L’amour: Karen Olivo and Aaron Tveit play a couple whose love is too radiant for this dingy planet.CreditMatthew Murphy
Here she is played in a more realistic key by a sensational Karen Olivo (a Tony winner for “West Side Story”), and no matter how bare her costumes, this Satine is wearing her sex appeal like a suit of armor. In John Logan’s baldly written (and still trimmable) new book for the show, Satine is a feral survivor of the streets who began turning tricks at 13. Like Harold, her partner in deception, she sees love — or the illusion of it — as a commodity for profit.
This transactional element is signaled from the get-go. Derek McLane’s fab psychedelic valentine of a set — a cornucopia of nesting pink hearts — is on full display when the audience arrives. And it is soon inhabited by corseted men and women with proffering gazes. (The plush, sin-ready costumes are by Catherine Zuber.)
Men with top hats and phallic cigars join these creatures of the night. Two women move to the edge of the stage to slowly swallow swords as they caress each other’s thighs. And when Mr. Burstein’s Master of Ceremonies raises his cane, it spurts confetti over the audience. He promises that he and his crew can service you, “no matter your sin, no matter your desire.”
And then there’s that smashing little rendition of an immortal ode to the working girl, “Lady Marmalade,” performed as delicious raunch-and-roll by Robyn Hurder, Holly James, Jacqueline B. Arnold and Jeigh Madjus.
At this point, you may think you’ve wandered into a Gallic variation on “Cabaret,” or immersive naughty nightclub pieces like “Queen of the Night.” And when Ms. Olivo makes her entrance on a trapeze, singing “Diamonds Are Forever” with a Shirley Bassey huskiness, she is just the sort of flower that would grow from such fecund soil.
But wait. There’s a young man who sees her soul beneath the spangles, and who exudes the glowing naïveté of an American innocent newly arrived in Sodom. That’s Christian (a shining Aaron Tveit, in the role created on screen by Mr. McGregor), a penniless composer, who’s been brought to the Moulin Rouge by his newfound friends Santiago and Toulouse-Lautrec (Ricky Rojas and Sahr Ngaujah, both delightful).

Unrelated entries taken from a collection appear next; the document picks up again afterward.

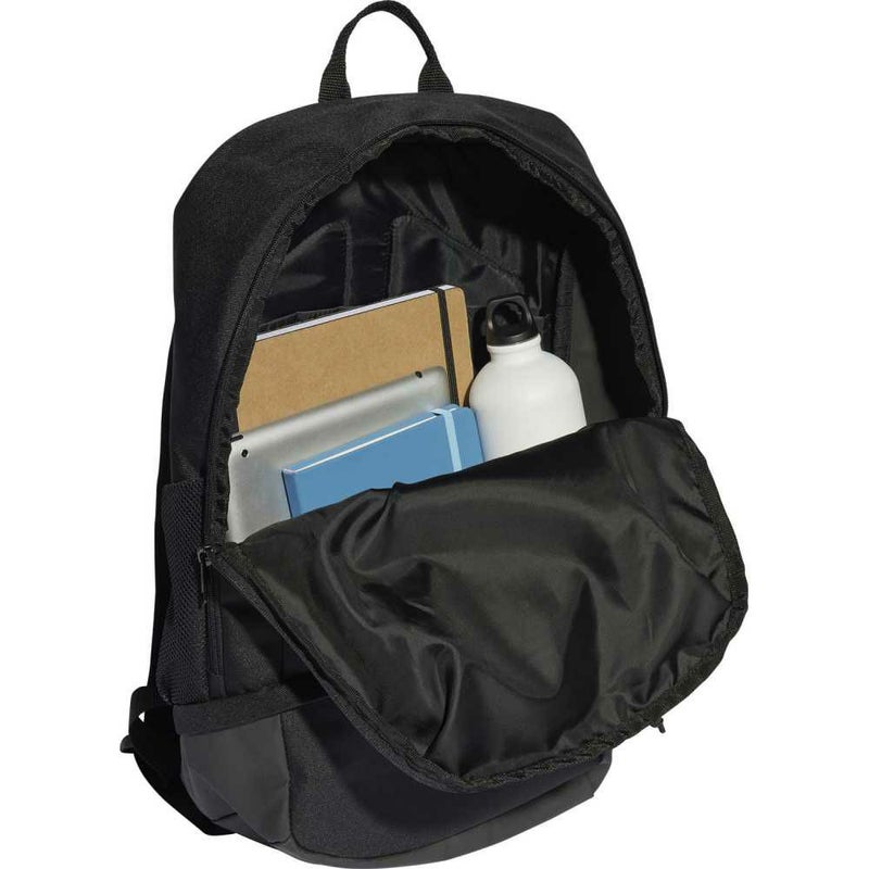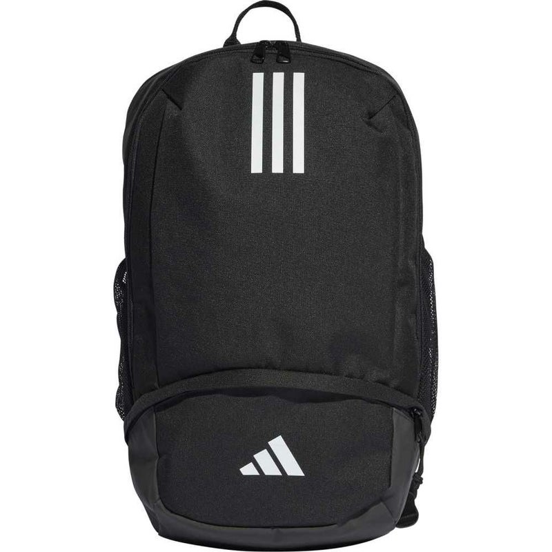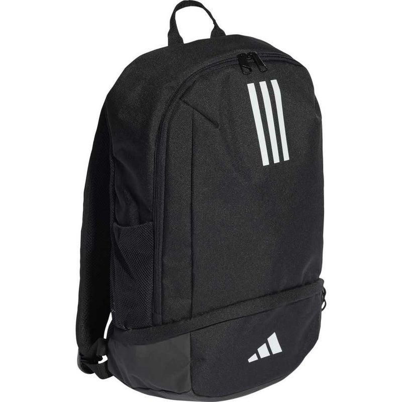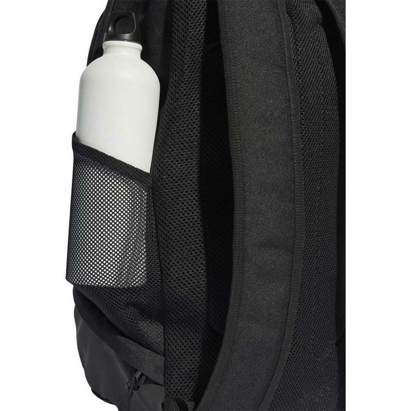 サッカースタイルを見せつけよう。中央上部に浮き上がる短いスリーストライプスとスクリーンプリントの3バーロゴがアクセントの、サッカーへの情熱も詰め込めるアディダスバックパック。
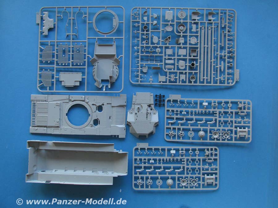 Im Karton finden wir insgesamt 11 graue Spritzlinge, ein klaren Spritzling, die Unterwanne, die Oberwanne, das Turmoberteile, die beiden Schürzenteile, Polycaps, eine Platine PE Teile und ein Decalbogen.
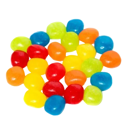 Ingredients: sugar, corn syrup, corn starch, modified corn starch, citric acid, contains less than 2% of natural and artificial flavor, confectioner's glaze (shellac), carnauba wax, beeswax, gum arabic, sodium citrate, yellow 6, yellow 5, blue 1, red 40.
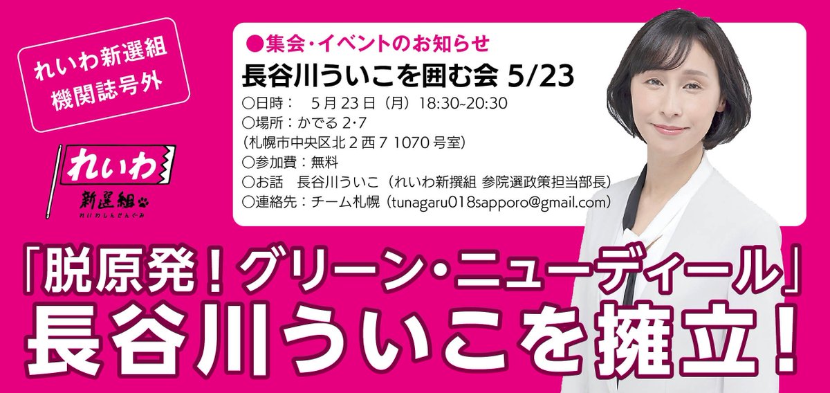 今日です! 「長谷川ういこさんを囲む会」 時間 18:30~20:30 場所 カデル27 1070号室 札幌市中央区北2西7
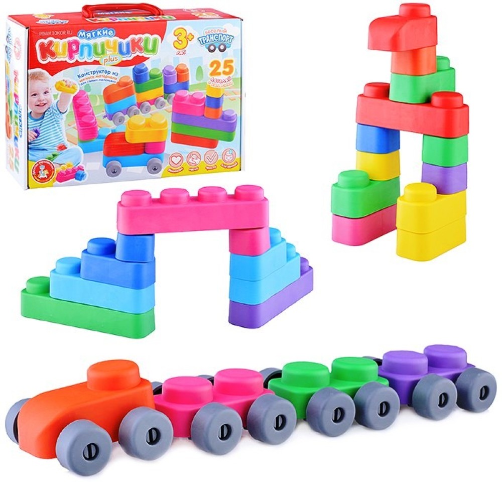 ДК.Конструктор "Мягкие кирпичики plus. Веселый транспорт" арт.04034 25 дет+колесики /7
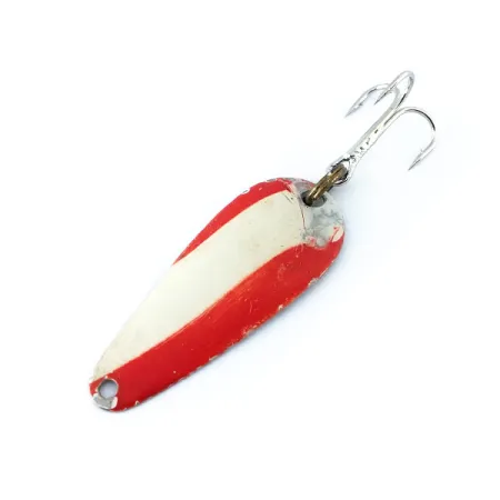 Des rayures diagonales rouges et blanches sur un corps en forme de larme nickelé définissent le caractère visuel de ce Nebco FlashBait 366 vintage. Pesant à peine 1,9 g (1/16 oz) pour une longueur de 3,3 cm (1 1/4"), il illustre la finesse du matériel de pêche américain du milieu du siècle. En retournant la cuillère, on découvre le poinçon authentique du fabricant Nebco pressé dans le métal, confirmant son origine américaine. Cet article, répertorié sous le code 11092, bénéficie d'une note d'état de 4/5, affichant une finition bien entretenue qui conserve tout son éclat. L'armement se compose d'un anneau brisé classique et d'un hameçon triple piquant, respectant le profil d'origine du leurre. L'application de la peinture présente la texture stratifiée distincte typique de l'époque, contrastant avec le dos en nickel poli.
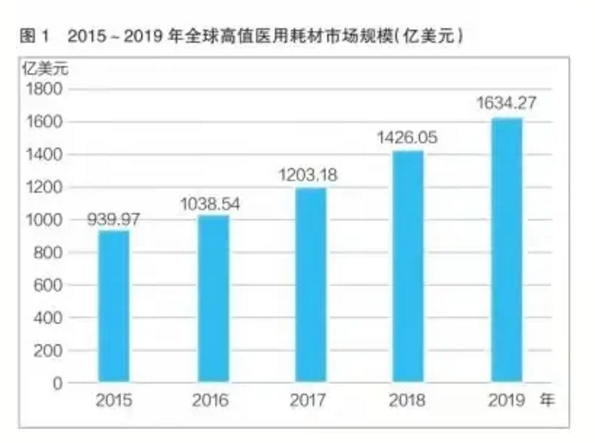 隨著醫療產業的高速發展,全球高值醫用耗材市場規模增長迅速。2019年,全球高值醫用耗材行業市場規模達1634.27億美元(見圖1),2015~2019年的年復合年增長率為14.83%。
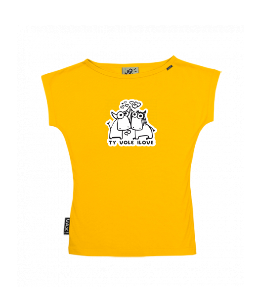 We make sustainable UAX clothing! - hand sewn in the Czech Republic uaxWomen uaxAll productsT-shirtsWOMEN'S BOAT NECK T-SHIRTdesign 1089 - TY VOLE I LOVEGOLDEN CREAM
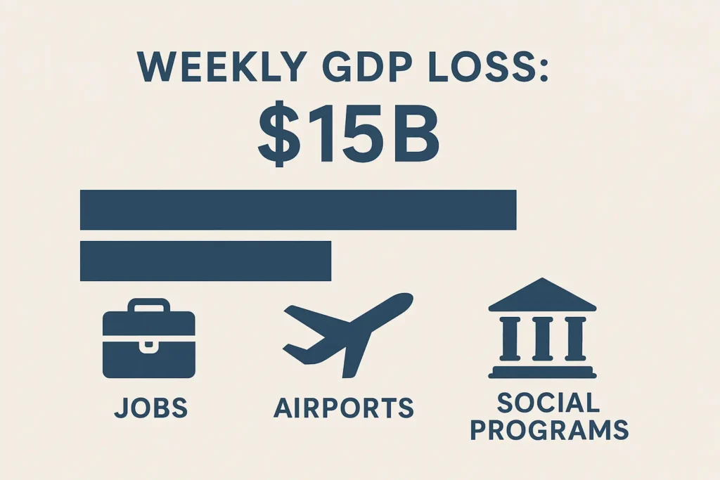 - Golpe semanal estimado: hasta US$15,000 millones menos de PIB por cada semana de cierre, de acuerdo con un memo económico de la Casa Blanca.
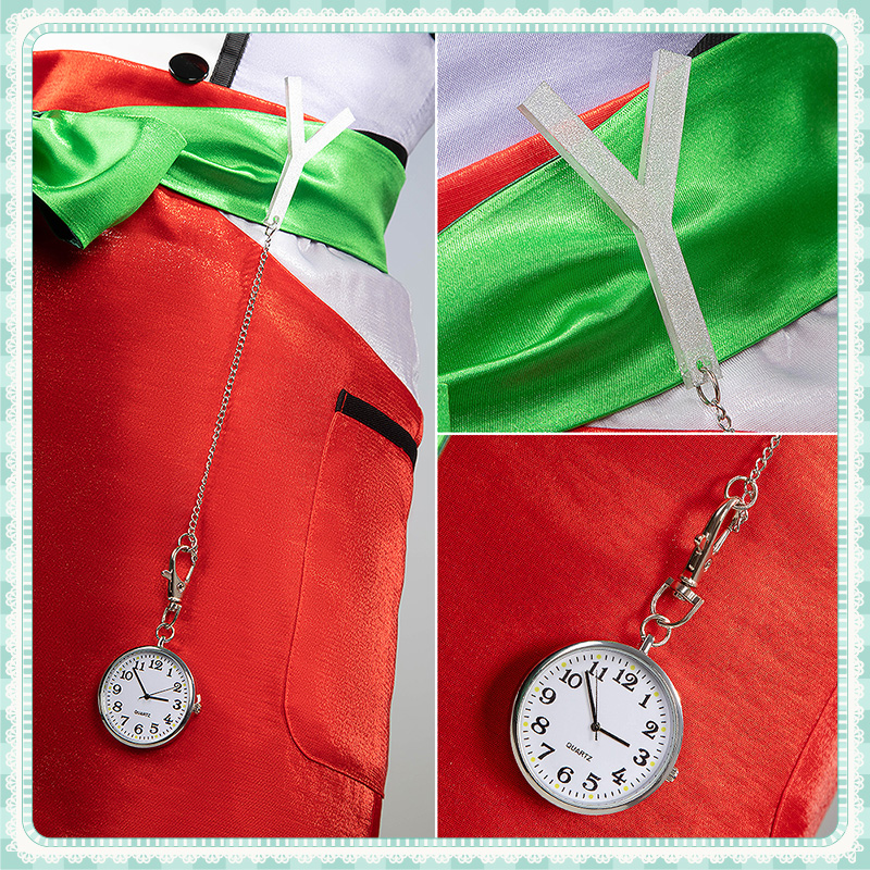上着、腰布、パンツ、ハーフエプロン、飾り物(帽子、髪飾り3点、リボン、懷中時計、腕飾り2点、腰飾り、パンスト)
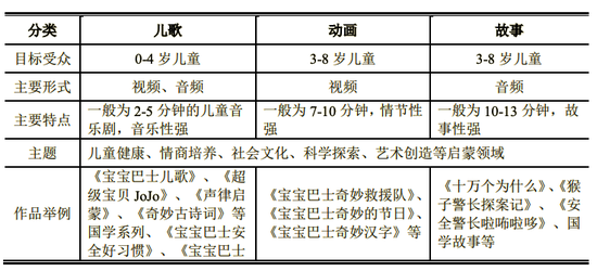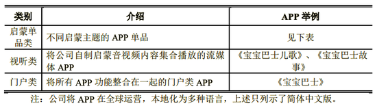 目前,在宝宝巴士整体产品线上,据招股书显示,其启蒙音视频矩阵包括:
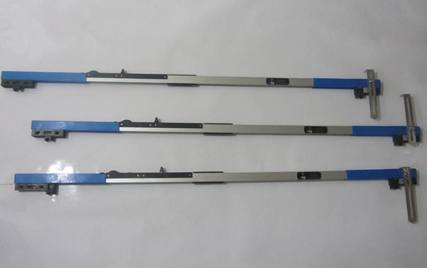 轨距尺是用于测量铁路线路两股钢轨间的轨距,是一款专用计量器具。轨距尺的特征是尺杆由木尺杆和金属尺杆通过折叠机构,把两尺组成一个复合式的杆尺。
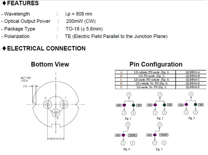 808nm 200mw IR laser diode PD sales TO-18 5.6mm
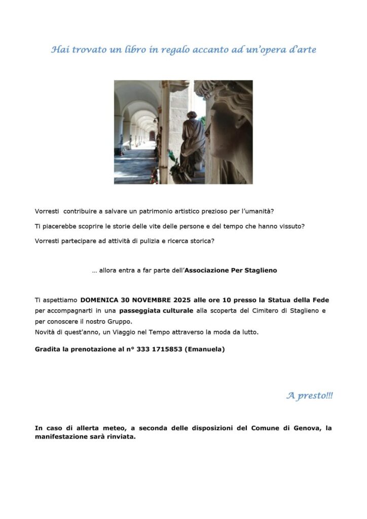 Anche questo anno l’Associazione per Staglieno, in occasione della Festa di Ognissanti e della Commemorazione dei Defunti, propone lungo il percorso dei porticati inferiori del cimitero di Staglieno, la possibilità di prelevare gratuitamente dei libri posti accanto alle sculture. All’interno dei libri troverete un invito a partecipare ad una passeggiata culturale che si terrà all’interno del cimitero Domenica 30 novembre 2025 alle ore 10 con appuntamento dalla statua della Fede. Saranno con noi anche gli amici di Time Travels. I libri rimasti saranno ritirati sabato 8 novembre, per cui affrettatevi!
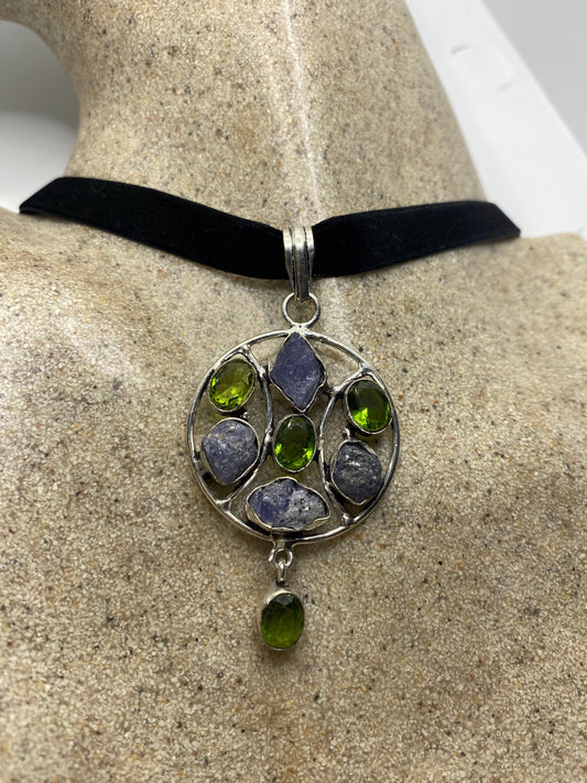 Vintage Raw Tanzanite Peridot Choker Necklace
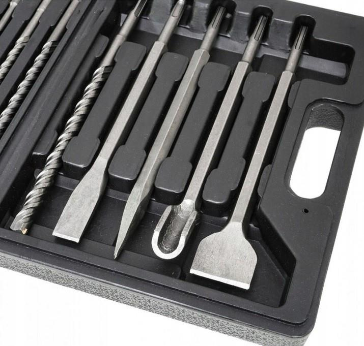 - Zawiera najpotrzebniejsze rozmiary wierteł SDS-PLUS do betonu oraz 4 dłuta o różnych wielkościach i kształtach - doskonale uzupełnia akcesoria potrzebne do kucia i wiercenia

That Mr. Ngaujah (“Fela” on Broadway) looks nothing like the artist whose name he carries is a relief, a liberation from literal-mindedness. And it befits a show in which Lady Gaga’s “Bad Romance” is performed as a rough-and-tumble Folies Bergères-style rehearsal number.
That blissful sequence, which comes at the beginning of the overlong second act, is part of the show-within-the-show: a musical melodrama with songs by Christian and a script by Toulouse-Lautrec, with Satine as the star and the Duke as the producer.
It becomes the vehicle through which Satine, who has become the Duke’s mistress, and Christian act out their purer love, which is too radiant for this dingy planet. Will the duke twig on and destroy their love — not to mention the show, which is meant to save Zidler from bankruptcy?
You probably know the answers. But even if you’ve seen the movie, you’ll probably still be surprised by the triumphant ways in which recent pop standards have been reclaimed for the stage. Mr. Burstein leads a fabulous rendition of Florence and the Machine’s “Shake It Out,” the Moulin Rouge’s answer to “Put on a Happy Face.”
And Ms. Olivo and Mr. Tveit, in a role he was born to play, make contemporary aural wallpaper like “Firework” (Ms. Olivo), “Roxanne” (Mr. Tveit) and “Rolling in the Deep” (both) sound like impassioned, personal cris de coeur that their characters might have invented on the spot and out of necessity. These songs are their songs, which somehow makes them, more than ever, your songs, too.